There is usually more than one singer at a time positioned in different corners of the restaurant. They’re singing a story.
You’re heart is breaking even though you don’t speak the language.
It’s – amazing.
Now some off you may be a little hesitant to seek out Fado.
An opera, beside and all around me, that I don’t understand…
I get it, but here’s the thing, you don’t need to know Portuguese.
Fado is something you feel.
Like any opera I imagine, just more up close and personal.
Grab your favorite person and come visit Porto a Noite!
Here you can wander the colorful streets sucking in the sights, smells and sounds of all that surrounds you.
It doesn’t get any more Euopeany (not a word but I vote to make it one) than this does it?
You literally can’t walk more than 3 feet without taking a picture.
And when you’re not taking pictures…
You see other people taking pictures of something you didn’t notice which makes you take more pictures!
If you cross over the bridge to Vila Nova de Gaia there’s more awesome stuff to do.

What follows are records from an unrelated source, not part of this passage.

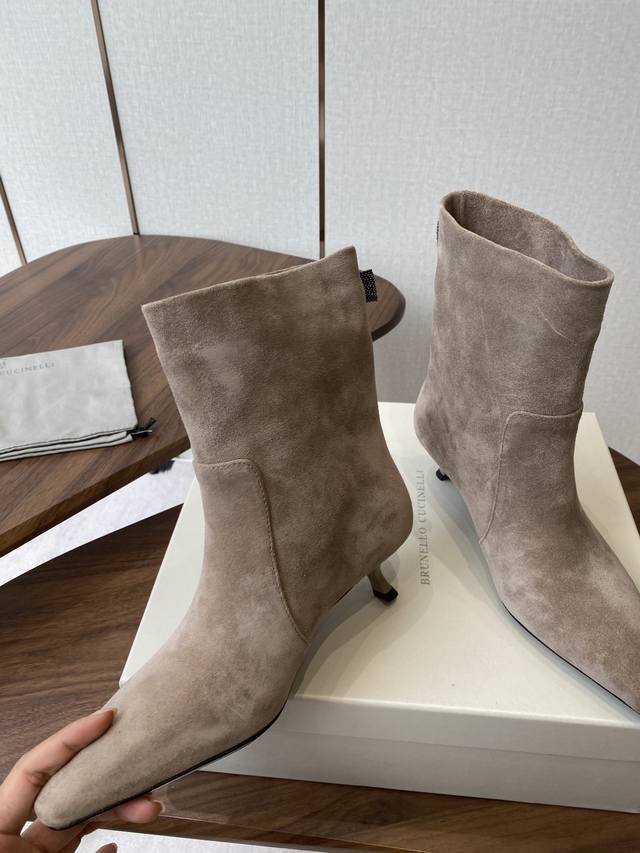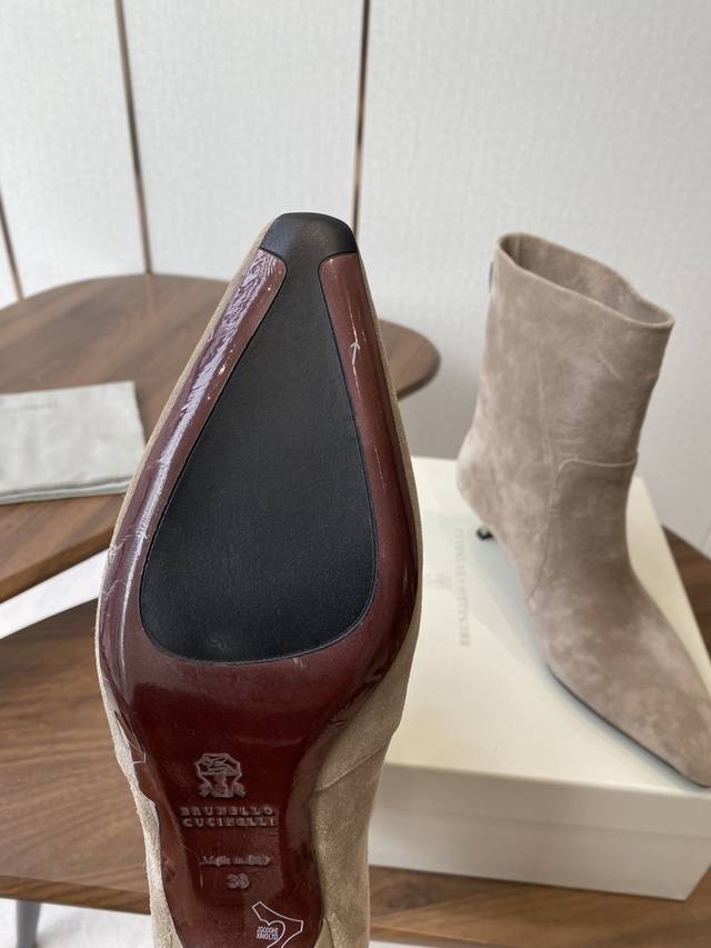 Brunello Cucineli Ss25New Arrival~ 秋冬新款系 尖头 短靴 上脚帅气舒适 秋冬一定要有一双Bc的战靴 Bc家的品牌鞋子设计基本没有啥1Og0标识, 风格主要以米色 灰色 色调为主,非常低调奢华,高级感满满 小众有品位的代词~鞋子 虽然结合了不同材质不同颜色,但是没有任何违和感,一点也不夸张,反而让人在视觉上感觉舒适! Bc家就是有能力把不同的颜色和材质结合,但又不会有明显的季节感,在任何时候拿出来穿都能让你满意 鞋面牛皮 羊皮内里 原版注塑大底 Suze: #35-39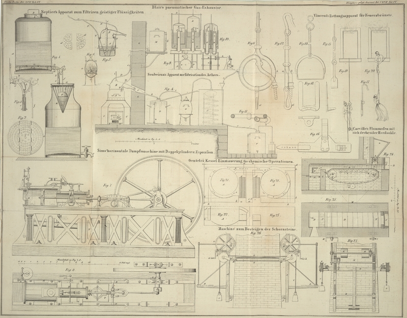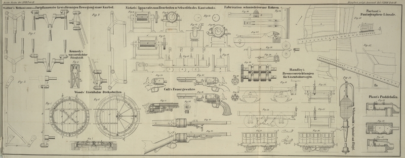 Miscellen. Ueber die Heizung der Eisenbahnwagen. S. 74Einwirkung des Dampfes auf den Aggregationszustand des Kupfers. 77.Mechanische Einwirkung des Papiers auf harten Stahl. 77.Anthracit als Heizmaterial. 77.Gasflammen vor Verlöschen durch den Luftzug zu bewahren. 77.Ueber die Temperatur des Schmelzofens und des Metalls beim Gießen eiserner Kanonen.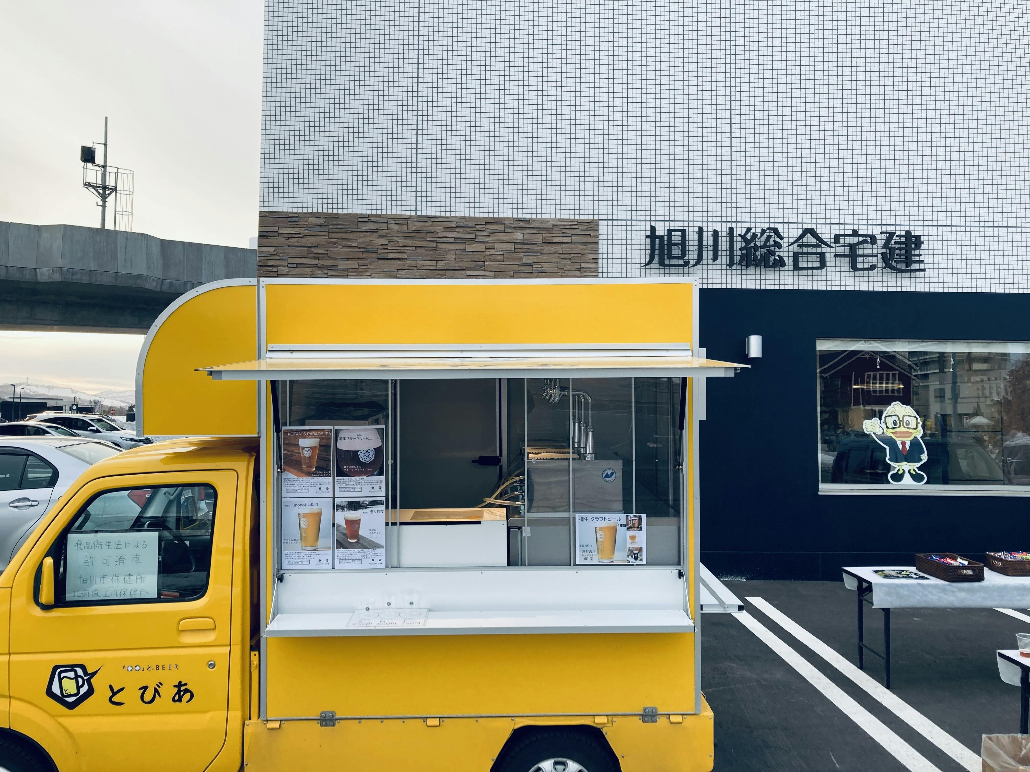 『旭川総合宅建』さまの店舗は、北彩都のかなり目立つエリアにありまして、「とびあ」のキッチンカーを見かけた通りすがりの車の視線をビンビン感じていました…!

Port houses galore to visit that are 100’s of years old which means fun tastings of port wine mixed with history lessons 🙂
Sandeman is a big player here in the port wine game.
We find his presence ominous but he more than makes up for that in his port wine production prowess!
There’s a fun little cable car ride that you can take from the top of the Dom Luis bridge (see, now you know what I’m talking about) down to the end of the main street that runs along the Douro River.
The food, I have very few words for.
It’s so good.
Portugal has taught me a valuable lesson about food. Good food doesn’t mean 32 ingredients and 8 spices.
Good food can be simple food.
Correction, dishes made with fresh ingredients, grown locally in the forever sunshine that blesses Portugal, ARE great food.
This dessert is also good and at first glance you may think how is it possible to cut a dessert with THAT much cream in it?
This is the very question that haunted us for our entire visit to Portugal until the very last day.
I kid you not.
Ready for the reveal?
It’s NOT a cream centre. It’s a MARSHMALLOW centre!
Is it just me or do you hear angels singing 🙂
All this time I thought these bakeries were straight out of Harry Potter being able to cut a seriously STACKED cream dessert without it falling apart.
Everything said no, this is not possible.
Sometimes things are not what they seem.
Sometimes that’s a pleasant surprise.
Dear Marshmallow Pie, I miss you.
No idea what the Portuguese name is – feel free to chime in!
Lets look at this photo one more time.
Notice the back drop of beautiful Vila Nova de Gaia, the Douro River and the Gepetto statue.
The Gepetto Statue is a lovely, patient man who plays a statue every day it’s not raining.
Every day he sits, body paint cracking in the sun until someone comes and puts their coin into the box placed strategically in front of his table.
Then Gepetto smacks his hammer on said shoe two times.
This in turn scares the bejeezus out of any small children in the vicinity who were lulled into a false sense of security believing him to be a statue.
He’s been doing this a long time.
This was me with him 4 years ago:
This is us now:
Oh how I hope to see him again in the not so distance future.
Time goes by quickly…
Make the most of it while you can as these moments are only borrowed.